Presentato al Nuovo Cinema Aquila e distribuito da Koch Media in quarantacinque sale italiane Giulia, terzo lungometraggio di Ciro De Caro.

Mimmo Calopresti modera l’incontro con Ciro De Caro e gli interpreti


Giulia sostiene un colloquio di lavoro, tradendo un curriculum frammentario e obiettivi opachi… Giulia rovista nei cassonetti, raccoglie giocattoli e materiali per neonati, li accumula, li porta in chiesa quale offerta votiva… Giulia ripone una piccola speranza di relazione in un incontro occasionale nato dai social, speranza castrata subito dopo la consumazione del rapporto… Giulia è convinta di avere ancora un fidanzato, al quale chiede un figlio: lui l’ha lasciata già da tempo e lei, persa la casa, lo ritrova, senz’altro scopo che manifestare la propria persistenza, rompere l’altrui armonia e poi, di nuovo, sparire… Giulia sembra conquistare una dimensione lavorativa (ed espressiva) all’interno di un centro per anziani, tuttavia si tratta anche stavolta di una sistemazione precaria. Ma è Giulia, adesso, ad essere oggetto di attenzioni, da parte di un ragazzo e dei suoi due amici, che la assecondano, la studiano, la accompagnano nelle sue peregrinazioni fino in riva al mare, fino alla sua ennesima sparizione…

Rosa Palasciano, Ciro De Caro e Mimmo Calopresti



Giulia, a testa in giù e a tutto campo, sulla locandina del film, annunciata dal punto esclamativo colorato che sostituisce la “i” del suo nome: Giulia coincide con il film e con la sua magnifica interprete, Rosa Palasciano.

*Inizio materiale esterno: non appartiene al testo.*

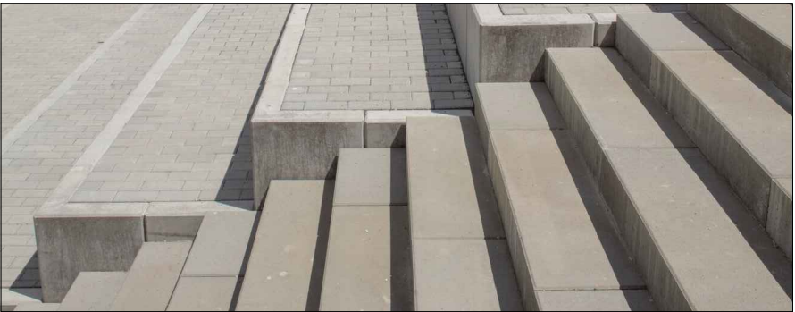
Betónové schody z prefabrikátu
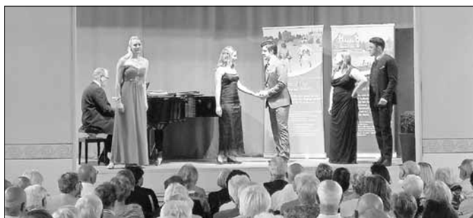
Gesellschaft der Freunde des Dessau-Wörlitzer Gartenreiches e.V.

über die Grenze zwischen Leidenschaft und Wahnsinn. In dieser Gala geht es um Leidenschaft, die Leidenschaft junger Sänger für ihren Beruf, die Leidenschaft des Publikums für die zeitlose Kunstform Oper - und es geht auch um die meist tragische Leidenschaft der Opernfiguren, die in dieser Gala erscheinen. Der Eintrittspreis beträgt 19,00 €, ermäßigt 17,00 €. Karten sind im Vorverkauf erhältlich an den Kassen des Anhaltischen Theaters, bei der Touristinformation Dessau-Roßlau, beim Besucherring des Anhaltischen Theaters und bei der Wörlitz-Information.
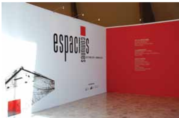
Espacios Comunes.

acontecer de una ciudad. Por su metodología constituye un instrumento pedagógico, participativo, contextual y narrativo, que pone en diálogo a los colectivos, artistas y promotores culturales entre sí, y a estos con el público.

I confini sfumano, le immagini, le azioni, gli eventi rubati dalla chirurgica cinepresa del regista si fondono con ciò che è stato preparato in sceneggiatura, i tagli delle inquadrature ambiscono alla decontestualizzazione di luoghi e individualità che seguitano però a pulsare della propria vivida e indipendente concretezza.

Mimmo Calopresti e Ciro De Caro



Giulia è un’opera unica nel proprio genere. Un genere, anzi, inedito e inesplorato, indefinibile e pertanto di magnetica pervasività: De Caro estromette dal set i reparti trucco e segreteria di produzione, lascia la scena agli interpreti e agli ambienti, pur cercando ad ogni passo di riportarli nell’alveo di un racconto preesistente. Ma l’impresa è impossibile e ogni elemento, ora impercettibilmente ora sfacciatamente, sfugge, deborda, denuncia la propria indipendenza rispetto al preordinato.

A cominciare da – e finendo con – Giulia, uno dei personaggi più magmatici che il nostro cinema ci abbia regalato. Viene in mente la Monica Vitti di Il deserto rosso di Michelangelo Antonioni, ma la protagonista di De Caro è, se possibile, ancora meno definibile, etichettabile. Quella splendidamente messa in essere da Rosa Palasciano è un’autentica enigmaticità, una complessità talmente profonda e radicata da riuscire ostica se non addirittura respingente. Giulia va oltre ogni regola, non si rifugia nell’ordinario né nell’eccesso, non è buona né cattiva, per lei sono miseramente inadeguati termini quali trasgressione, regressione o progressione: la sua è una “ultra-gressione”, ella c’è e nello stesso tempo è altrove, con quel suo sorriso soffocato (almeno fino alla conclusione del film), le emozioni trattenute, lo sguardo sempre di sbieco, di traverso rispetto a quello del regista. Il quale, inesausto, la pedina constatando ad ogni passo la propria sconfitta.

Rosa Palasciano assieme al produttore Ugo Baistrocchi


Giulia è il cinema nella sua valenza più feconda.